**What the task asks**: Please repeat exactly the lines below from the one containing "Adani, Chandola (Various" down to the one containing "We have a lot to be thankful for at TyRex", both included, and nothing else.

**Data supplied**:
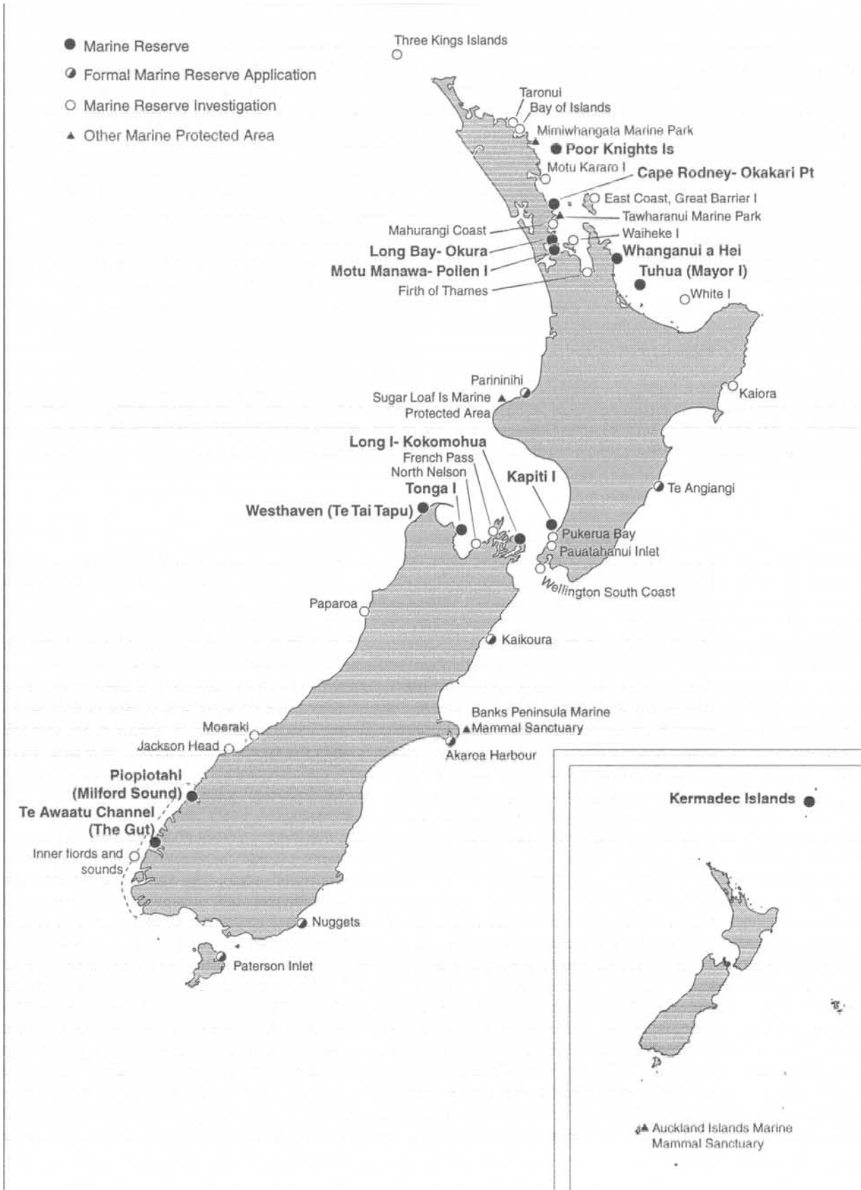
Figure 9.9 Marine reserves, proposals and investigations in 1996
--
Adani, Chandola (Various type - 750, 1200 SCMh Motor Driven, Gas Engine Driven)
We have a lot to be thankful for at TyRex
* * *
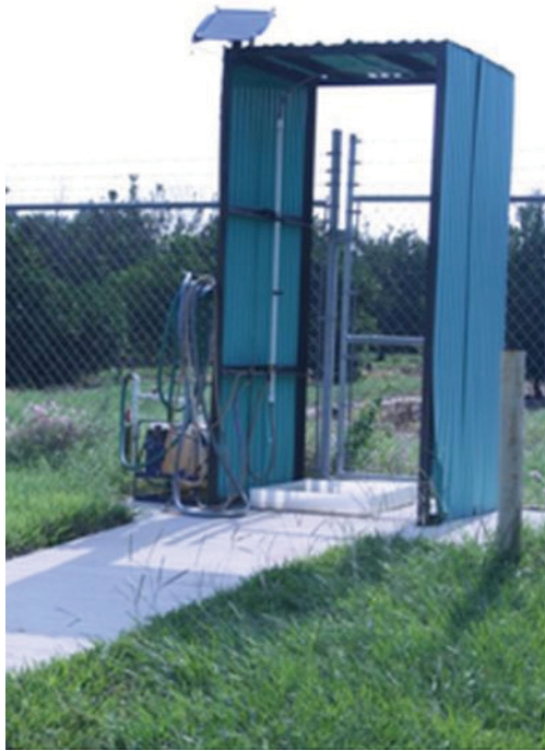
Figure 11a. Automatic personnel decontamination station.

**Your solution**:
Adani, Chandola (Various type - 750, 1200 SCMh Motor Driven, Gas Engine Driven)
We have a lot to be thankful for at TyRex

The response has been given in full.